[Biojava-dev] First draft of a remote blast service class

Sylvain Foisy sylvain.foisy at diploide.net
Thu Jun 11 13:52:01 UTC 2009


Hi to all,

I've been working on this for the past week or so and after discussing this
with Andreas, I am putting my code here for critical review. I'll put this
stuff in biojava-live as soon as Andreas can fix my SVN access.

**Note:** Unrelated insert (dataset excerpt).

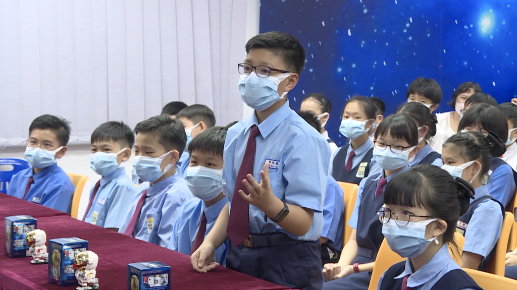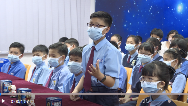 在馬來(lái)西亞分會(huì)場(chǎng),吉隆坡中國(guó)公學(xué)五年級(jí)學(xué)生黃塏竣想知道太空中是否有細(xì)菌,如果在太空中生病了怎么辦。

First, an interface called RemotePairwiseAlignementSerivce defines the basic
components of a remote service: sequence/database/progam/run options/output
options. RemoteQBlastService implements this interface and runs remote
Qblast requests and creates output in either text, XML or HTML. At present
time, regular blastall programs work, no blastpgp/megablast support yet.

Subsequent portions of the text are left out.